When we are young there is a tendency to rush into relationships, and yet that is the time when we usually have a whole lifetime ahead of us. There is an urgency, a rush to connect, almost a panicky sense about it. I don't know why this is, but I would speculate that because of the lack of experience in life, we feel we should hurry as this might not last unless we nail it to the floor right NOW. Please forgive my imagery here, but I'm reminded of how male (fill in the blank with whatever critter you like) flock around the females during mating season. Do we humans still have that instinct to mate, to create progeny, to carry forward the genes?

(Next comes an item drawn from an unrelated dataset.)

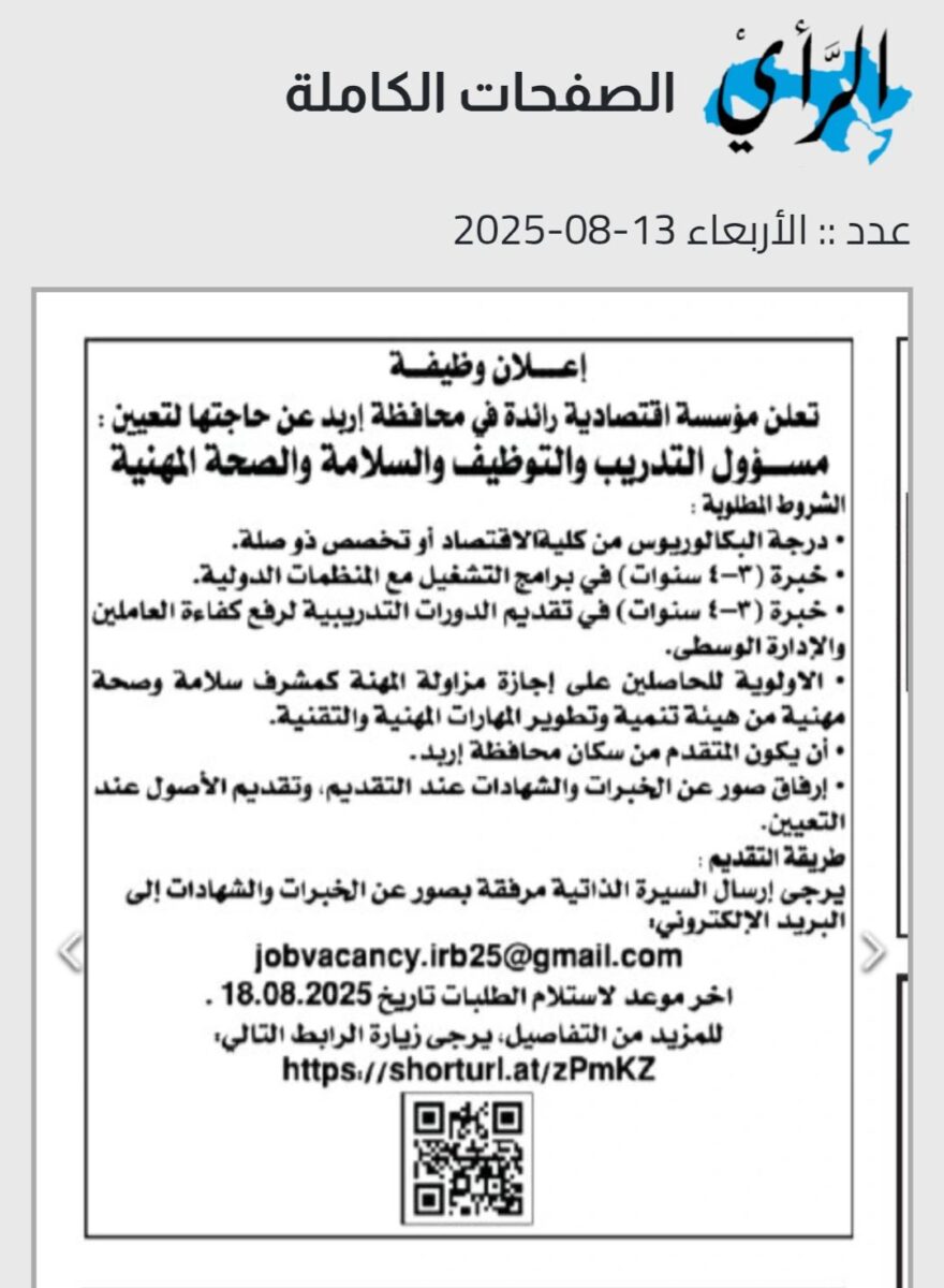📢 شاغر وظيفي – مسؤول التدريب والتوظيف والسلامة والصحة المهنية – إربد، الأردن

I remember myself from long ago being the same. As a teenager, if a boy paid attention to me and I were attracted to him, it seems that there was a frenzied drive to connect and become a couple. At that age, it wasn't about sex (at least not "out loud") but about belonging to that person and having that person exclusively belong to me. I can't tell you how many times I was part of a couple after one date! Hurry, hurry, tomorrow might be too late, I might lose out, he might move on to someone else, I don't want to be alone! Yikes.
I would say that I became more selective as I aged through the teens, but there was still some of that sense of urgency. As a divorcée in my late 20s and early 30s, it was still present as I dated, although I was a little more sophisticated about it. Of course, at that age the possibility of producing more children was theoretically still present. I'd had my tubes tied by that time, but that doesn't change the internal clockworks, so was I still being driven by some internal instinct? I remarried after a few months, having dated just a handful of men. Why? Oh, of course, I was in love, but I think I didn't give it as much thought as I should. I was in a rush to be in a couple.
There is pressure in our society, particularly for women, to be part of a couple. How many times have you experienced one of your friends, who is half of a couple, trying to pair you up with someone? The intent is probably good, but think about this .... I don't know many "matchmakers" who are single. Do you?
One would think at my age people would have a sense of needing to hurry because time is short. "I need to get on with this, because I may not have a lot of time left to enjoy this person, this feeling, this exhilaration." But rather than feeling that push, I'm inclined to move very slowly, to experience the seasons, to taste all the tastes and smell all the smells that are available before selecting what I want to bring home in my shopping basket. I don't care if my new relationship blossoms tomorrow or in four years! I'm more interested in the unfolding of the blossom than the glory of the fully opened flower. Once again, why? I can't imagine myself saying at age 15 or 29 that it would be alright if a relationship took four years to reach it's height!
I can say that I now relish the journey more than the destination. As long as we are journeying, we are experiencing new things. Once we arrive, it is not a disappointment, but we are settled into a stationery set of sights and events, somewhat anticlimactic, perhaps. And if I made that trip in two hours, I probably missed some scenic things along the way, whereas if I took a week to get there, I might have explored a plethora of vistas.
So .... why? Is it because we've already made enough mistakes and don't want to repeat that? Probably, at least in part. But I think there is something else. I think by a mature age, we have learned several things. There is a lot of life to be experienced. There really is something to be said for the old adage about stopping to smell the roses along they way. What is here today will probably be here tomorrow, too, and if not, it wasn't meant to be. Most importantly, it is OK to be alone, a single, just one, unattached. Sometimes it is even better to be independent.
While I've been an unattached individual I've found time to learn about myself and my world, something I was unable to do while in a relationship. As part of a couple my focus was on the relationship and the other person. That's a good thing, and I don't mean that it should be otherwise. But I was never single long enough, mature enough to learn about me. These past three years have allowed me to do that, and I think that if I ever chose to be part of a couple again I'll be a lot better at it.
I don't say that people shouldn't be coupled. That's not my message, not at all. I just wish somehow that we could understand ourselves better at a younger age so we are better in the couple, and more enduring in the couple. It would be great if we could slow down in our youth, not rush ourselves into these things. Our decisions might be wiser, our relationships more lasting.
But perhaps that is what makes advanced years so sweet, the fact that we .... finally .... get it.
What do you think?
"I have wandered all my life, and I have traveled; the difference between the two is this -- we wander for distraction, but we travel for fulfillment."